*About this task*
Write out exactly, please, every line from the beginning of the entries to the line holding "Light Luxury Copper", and no pictures.

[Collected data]
___
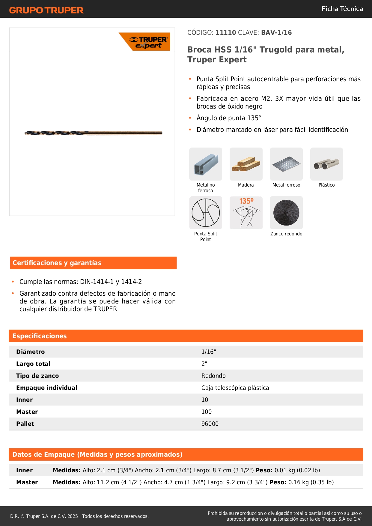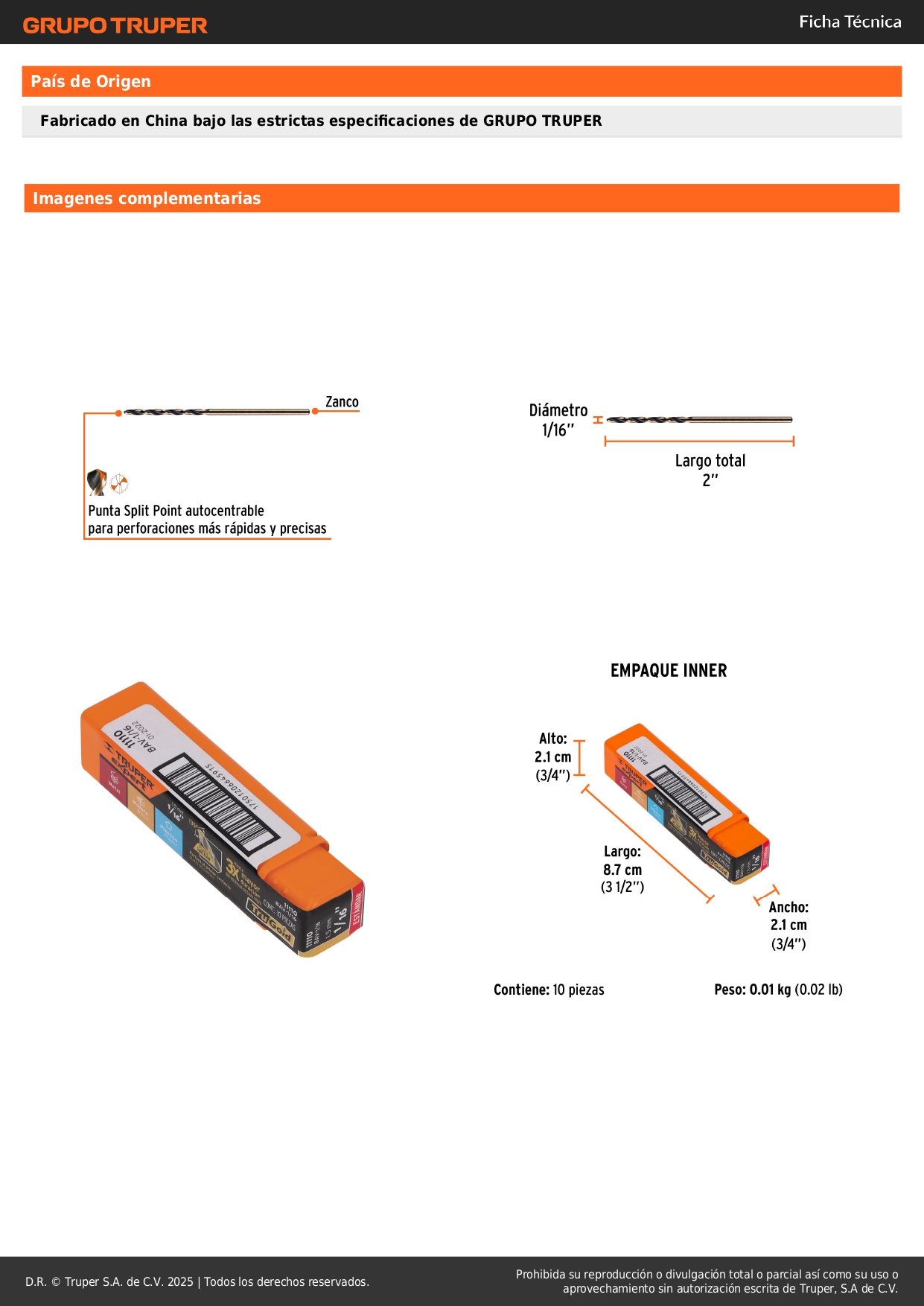 Broca hss 1/16" trugold para metal, truper expert por unidad
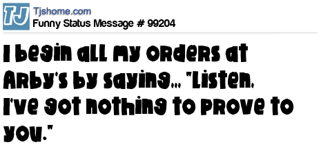 X I begin all my orders at Arby's by saying,,, "Listen, I've got nothing to prove to you."
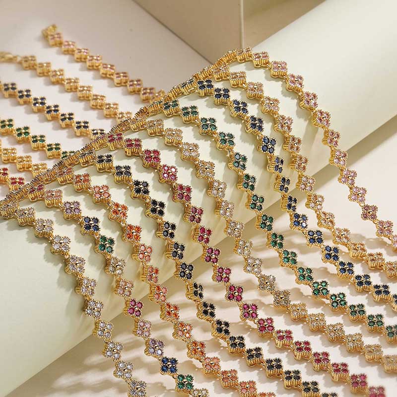 Light Luxury Copper Inlaid with Colored Diamonds Four-Leaf Clover Bracelet Necklace Niche High-End Super Flash Flower Petal Jewelry Set
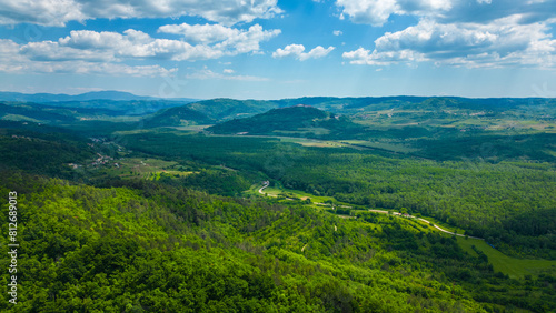 Fototapeta premium The Parenzana is a beautiful old railway route in Istria, Croatia, which has been transformed into a scenic bicycle path. Captured by drone, the Parenzana reveals its charming countryside charm
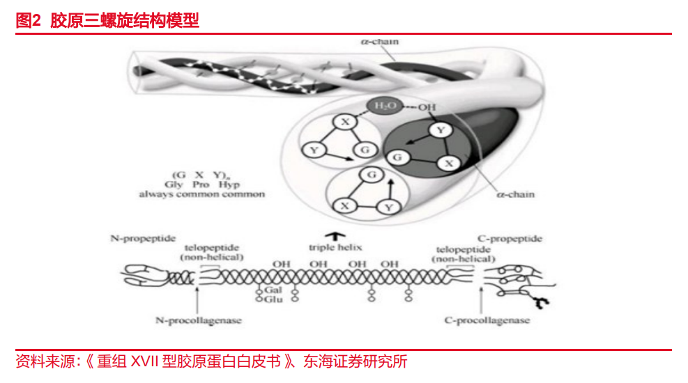 胶原蛋白三螺旋结构使其具备良好的强度和稳定性,推动其应用于多个领域。胶原蛋白的三螺旋结构是指三条左旋ɑ-链相互缠绕构成胶原的右手复合螺旋结构,是其理化特性和生物学活性的基础,使其具备高拉伸强度、生物降解性能、低抗原活性、低刺激性、低细胞毒性,具备止血、促进组织生长、修护损伤、保湿锁水等多种功效。
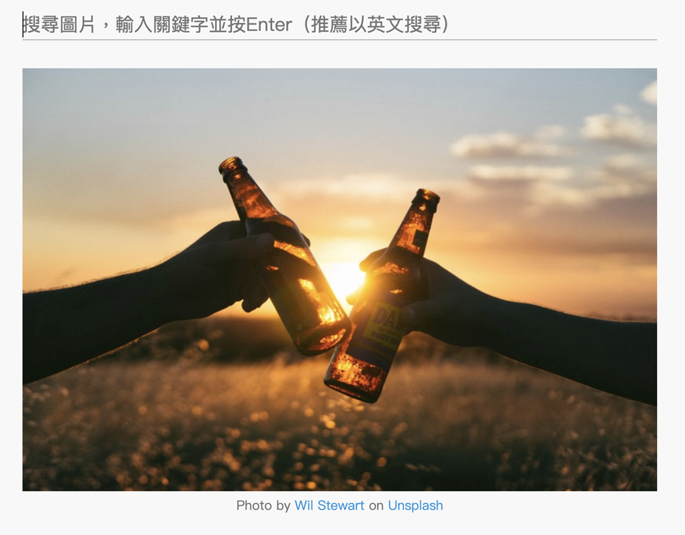 ▲如果自己沒有合適的配圖,可以從 Unsplash 圖庫中搜尋適合的配圖,推薦使用英文搜尋可以找到比較多合適的照片。
___
*Result for this task*
 Broca hss 1/16" trugold para metal, truper expert por unidad
 X I begin all my orders at Arby's by saying,,, "Listen, I've got nothing to prove to you."
 Light Luxury Copper Inlaid with Colored Diamonds Four-Leaf Clover Bracelet Necklace Niche High-End Super Flash Flower Petal Jewelry Set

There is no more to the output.